Józef Hauke-Bosak (19 March 1834 - 21 January 1871) was a Polish military leader of the January Uprising. A close ally of rebel leader Romuald Traugutt, Hauke-Bosak commanded the Polish Army in Lesser Poland, where he fought many successful battles against the Russians. He left Poland after the uprising collapsed in 1864. Hauke-Bosak was killed in battle while serving in the French Army during the Franco-Prussian War.

==Biography==
Hauke-Bosak was born in Saint Petersburg on 19 March 1834, the son of Józef Hauke, an aide-de-camp to Tsar Nicholas I and former officer in the Army of the Duchy of Warsaw, and Karolina Steinkeller. He was a nephew of Piotr Antoni Steinkeller, a prominent industrialist, and a cousin to Countess Julia von Hauke, Princess von Battenberg. After his military education in Saint Petersburg, Hauke-Bosak began a brilliant career in the Russian Imperial Army. He served in the Caucasus War and reached the rank of colonel.

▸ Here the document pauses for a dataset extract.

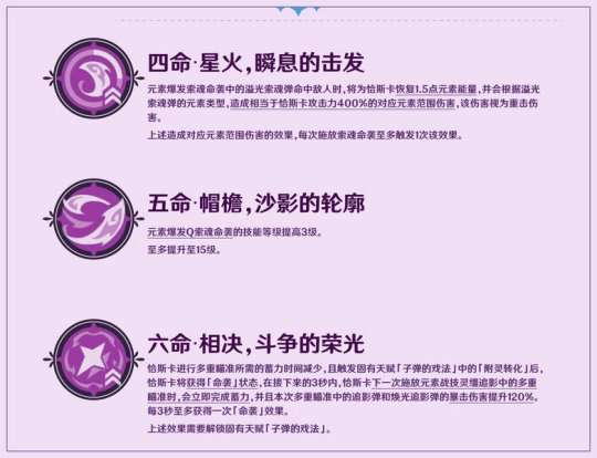 最后接下来是恰斯卡的命座,三命、五命加天赋等级就不赘述了,我们主要看看其他几个命座。

In 1863, Hauke-Bosak left the Russian Army and took up arms for the January Uprising in Poland. He was appointed general by the Polish National Government and took command of troops in Lesser Poland, becoming a close ally of rebel leader Romuald Traugutt. Hauke-Bosak emigrated to Dresden in April 1864, following the uprising's defeat, then moved to Geneva and Italy, where he joined Giuseppe Garibaldi. He settled in Geneva in 1867, where he was active in the Polish émigré community as a member of the committee of the Union de l'émigration polonaise and the Foyer polonais.

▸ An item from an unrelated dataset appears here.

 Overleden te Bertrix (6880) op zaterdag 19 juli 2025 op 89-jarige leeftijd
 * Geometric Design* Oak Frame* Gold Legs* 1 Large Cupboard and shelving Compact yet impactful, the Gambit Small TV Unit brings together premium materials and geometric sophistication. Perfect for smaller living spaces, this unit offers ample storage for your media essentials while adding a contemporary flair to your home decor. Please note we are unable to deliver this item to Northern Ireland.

Hauke-Bosak adhered to the League of Peace and Freedom and notably authored La Grève (1869) and Manuel d'organisation et de combat for the workers of Le Creusot. On the outbreak of the Franco-Prussian War, he joined the Army of the Vosges, a volunteer unit in the French Army led by Garibaldi, and was given command of its 1st Brigade. Hauke-Bosak was killed in action at the Third Battle of Dijon on 21 January 1871, aged 36. He was buried in Carouge in the canton of Geneva.